WHAT TO DO: From the data below, set down exactly the lines between the one holding "얇게 썬 어란이라 쉽게 탈 수 있으니" and the one holding "The Mountain Lab", inclusive, and no others.

DATA SECTION:
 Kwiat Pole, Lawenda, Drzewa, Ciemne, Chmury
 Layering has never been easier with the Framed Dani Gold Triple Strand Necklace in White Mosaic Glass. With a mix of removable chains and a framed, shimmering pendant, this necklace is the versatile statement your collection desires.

* * *

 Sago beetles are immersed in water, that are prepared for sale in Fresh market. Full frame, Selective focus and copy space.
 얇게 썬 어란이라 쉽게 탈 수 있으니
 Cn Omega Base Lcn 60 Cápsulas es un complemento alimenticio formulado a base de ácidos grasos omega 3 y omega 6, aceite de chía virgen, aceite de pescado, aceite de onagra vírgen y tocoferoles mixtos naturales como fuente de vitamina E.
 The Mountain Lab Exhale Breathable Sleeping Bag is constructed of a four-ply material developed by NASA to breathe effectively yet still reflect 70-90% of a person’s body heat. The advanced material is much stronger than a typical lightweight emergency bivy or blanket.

EXPECTED ANSWER:
 얇게 썬 어란이라 쉽게 탈 수 있으니
 Cn Omega Base Lcn 60 Cápsulas es un complemento alimenticio formulado a base de ácidos grasos omega 3 y omega 6, aceite de chía virgen, aceite de pescado, aceite de onagra vírgen y tocoferoles mixtos naturales como fuente de vitamina E.
 The Mountain Lab Exhale Breathable Sleeping Bag is constructed of a four-ply material developed by NASA to breathe effectively yet still reflect 70-90% of a person’s body heat. The advanced material is much stronger than a typical lightweight emergency bivy or blanket.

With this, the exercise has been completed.